Data helpers overflow bug
问题现象
在增大 gbs、iteration 等理论上不影响模型内存的参数后,出现OOM现象,或者在模型预处理数据集的阶段报如下错误:
Traceback (most recent call last):
File "pretrain_gpt.py", line 121, in <module>
args_defaults={'tokenizer_type': 'GPT2BPETokenizer'}
File "/home/ma-user/modelarts/user-job-dir/GPT-3-kernel_ID2728_for_PyTorch_zgcl/megatron/training.py", line 150, in pretrain
process_non_loss_data_func)
File "/home/ma-user/modelarts/user-job-dir/GPT-3-kernel_ID2728_for_PyTorch_zgcl/megatron/training.py", line 689, in train
opt_param_scheduler)
File "/home/ma-user/modelarts/user-job-dir/GPT-3-kernel_ID2728_for_PyTorch_zgcl/megatron/training.py", line 417, in train_step
optimizer, fwd_bwd_timers, forward_only=False)

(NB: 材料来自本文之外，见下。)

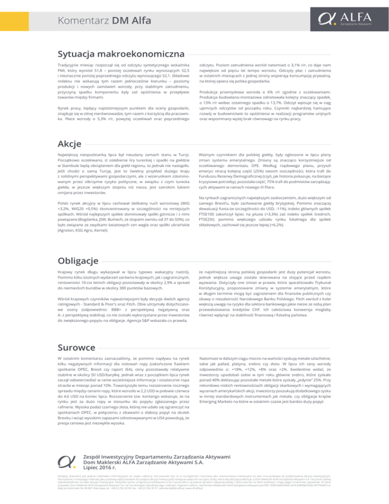 Komentarz DM Alfa Zarządzanie Aktywami Sytuacja makroekonomiczna Tradycyjnie miesiąc rozpoczął się od odczytu syntetycznego wskaźnika PMI, który wyniósł 51,8 – poniżej oczekiwań rynku wynoszących 52,5 i nieznacznie poniżej poprzedniego odczytu wynoszącego 52,1. Składowe indeksu nie wskazują tym razem jednocześnie kierunku – poziomy produkcji i nowych zamówień wzrosły, przy stabilnym zatrudnieniu, przyczyną spadku komponentu były zaś opóźnienia w przepływie towarów między firmami. Rynek pracy, będący najistotniejszym punktem dla oceny gospodarki, znajduje się w silnej nierównowadze, tym razem z korzyścią dla pracownika. Płace wzrosły o 5,3% r/r, powyżej oczekiwań oraz poprzedniego odczytu. Poziom zatrudnienia wzrósł natomiast o 3,1% r/r, co daje nam największe od pięciu lat tempo wzrostu. Odczyty płac i zatrudnienia w ostatnich miesiącach z jednej strony wspierają konsumpcję prywatną, na której opiera się polska gospodarka. Produkcja przemysłowa wzrosła o 6% r/r zgodnie z oczekiwaniami. Produkcja budowlano-montażowa odnotowała kolejny znaczący spadek, o 13% r/r wobec ostatniego spadku o 13,7%. Odczyt wpisuje się w ciąg ujemnych odczytów od początku roku. Czynniki najbardziej hamujące rozwój w budownictwie to opóźnienia w realizacji programów unijnych oraz wspominany wyżej brak równowagi na rynku pracy. Akcje Największą niespodzianką lipca był nieudany zamach stanu w Turcji. Początkowo oczekiwano, iż osłabienie liry tureckiej i spadki na giełdzie w Stambule będą obciążeniem dla giełd regionu, to jednak nie nastąpiło. Jeśli chodzi o samą Turcję, jest to świetny przykład dużego kraju z solidnymi perspektywami gospodarczymi, ale z wizerunkiem zdominowanym przez olbrzymie ryzyko polityczne, w związku z czym turecka giełda, w jeszcze większym stopniu niż nasza, jest szerokim łukiem omijana przez inwestorów. Polski rynek akcyjny w lipcu cechował delikatny ruch wzrostowy (WIG +3,2%, WIG20 +0,5%) skoncentrowany w szczególności na mniejszych spółkach. Wśród najlepszych spółek dominowały spółki górnicze i z nimi powiązane (Bogdanka, JSW, Bumech, ze stopami zwrotu od 37 do 50%), co było związane ze zwyżkami światowych cen węgla oraz spółki ukraińskie (Agroton, KSG Agro, Kernel). Ważnym czynnikiem dla polskiej giełdy, były ogłoszone w lipcu plany zmian systemu emerytalnego. Zmiany są znacząco korzystniejsze od oczekiwanego demontażu OFE. Według rządowego planu, przyszli emeryci stracą kolejną część (25%) swoich oszczędności, która trafi do Funduszu Rezerwy Demograficznej (czyli, jak historia pokazuje, na bieżące kryzysowe potrzeby), pozostała część, 75% trafi do podmiotów zarządzających aktywami w ramach nowego III filara. Na rynkach zagranicznych największym zaskoczeniem, dużo większym od samego Brexit’u, było zachowanie giełdy brytyjskiej. Pomimo znaczącej dewaluacji funta (w szczególności do USD, -11%), indeks głównych spółek FTSE100 zakończył lipiec na plusie (+3,3%) zaś indeks spółek średnich, FTSE250, pomimo większego udziału rynku lokalnego dla spółek składowych, zachował się jeszcze lepiej (+6,2%). Obligacje Krajowy rynek długu wykazywał w lipcu typowo wakacyjny nastrój. Pomimo kilku istotnych wydarzeń zarówno krajowych, jak i zagranicznych, rentowności 10-cio letnich obligacji pozostawały w okolicy 2,9% a spread do niemieckich bundów w okolicy 300 punktów bazowych. Wśród krajowych czynników najważniejszymi były decyzje dwóch agencji ratingowych - Standard & Poor's oraz Fitch. Obie utrzymały dotychczasowe oceny (odpowiednio: BBB+ z perspektywą negatywną oraz A- z perspektywą stabilną), co nie zostało wykorzystane przez inwestorów do zwiększonego popytu na obligacje. Agencja S&P wskazała co prawda, że najsilniejszą stroną polskiej gospodarki jest duży potencjał wzrostu, jednak większa uwaga została skierowana na stojące przed rządem wyzwania. Dotyczyły one zmian w prawie, które sparaliżowało Trybunał Konstytucyjny, proponowane zmiany w systemie emerytalnym, które w długim terminie mogą być zagrożeniem dla finansów publicznych czy obawy o niezależność Narodowego Banku Polskiego. Fitch zwrócił z kolei większą uwagę na ryzyko dla sektora bankowego jakie niesie ze sobą plan przewalutowania kredytów CHF. Ich całościowa konwersja mogłaby również wpłynąć na stabilność finansową i fiskalną państwa. Surowce W ostatnim komentarzu zaznaczaliśmy, że pomimo napływu na rynek kilku negatywnych informacji dla notowań ropy (zakończone fiaskiem spotkanie OPEC, Brexit czy raport IEA), ceny pozostawały relatywnie stabilne w okolicy 50 USD/baryłkę. Jednak wraz z początkiem lipca rynek zaczął odzwierciedlać w cenie wcześniejsze informacje i ostatecznie ropa straciła w miesiąc ponad 10%. Towarzyszyło temu rozszerzenie rocznego spreadu między cenami ropy, które wzrosło w 2,2 USD w połowie czerwca do 4,6 USD na koniec lipca. Rozszerzenie tzw. kontango wskazuje, że na rynku jest za dużo ropy w stosunku do popytu zgłaszanego przez rafinerie. Wysoka podaż czarnego złota, której nie udało się ograniczyć na spotkaniach OPEC, w połączeniu z obawami o słabszy popyt na skutek Brexitu i wciąż wysokimi zapasami odnotowywanymi w USA powodują, że presja cenowa jest niezwykle wysoka. Natomiast w dalszym ciągu mocno na wartości zyskują metale szlachetne, takie jak pallad, platyna, srebro czy złoto. W lipcu ich ceny wzrosły odpowiednio o: +18%, +12%, +8% oraz +2%. Ewidentnie widać, że inwestorzy upodobali sobie w tym roku głównie srebro, które zyskało ponad 40% deklasując pozostałe metale które zyskały „jedynie” 25%. Przy rekordowo niskich rentownościach obligacji skarbowych i wymagających wycenach amerykańskich akcji, inwestorzy poszukują dodatkowego zysku w mniej standardowych instrumentach jak metale, czy obligacje krajów Emerging Markets

File "/home/ma-user/modelarts/user-job-dir/GPT-3-kernel_ID2728_for_PyTorch_zgcl/megatron/schedules.py", line 654, in forward_backward_pipelining_without_interleaving
timers, collect_non_loss_data)
File "/home/ma-user/modelarts/user-job-dir/GPT-3-kernel_ID2728_for_PyTorch_zgcl/megatron/schedules.py", line 118, in forward_step
output_tensor, loss_func = forward_step_func(data_iterator, model)
File "pretrain_gpt.py", line 84, in forward_step
data_iterator)
File "pretrain_gpt.py", line 45, in get_batch
data = next(data_iterator)
File "/home/ma-user/anaconda/lib/python3.7/site-packages/torch/utils/data/dataloader.py", line 530, in __next__
data = self._next_data()
File "/home/ma-user/anaconda/lib/python3.7/site-packages/torch/utils/data/dataloader.py", line 570, in _next_data
data = self._dataset_fetcher.fetch(index) # may raise StopIteration
File "/home/ma-user/anaconda/lib/python3.7/site-packages/torch/utils/data/_utils/fetch.py", line 52, in fetch
return self.collate_fn(data)
File "/home/ma-user/anaconda/lib/python3.7/site-packages/torch/utils/data/_utils/collate.py", line 157, in default_collate
return elem_type({key: default_collate([d[key] for d in batch]) for key in elem})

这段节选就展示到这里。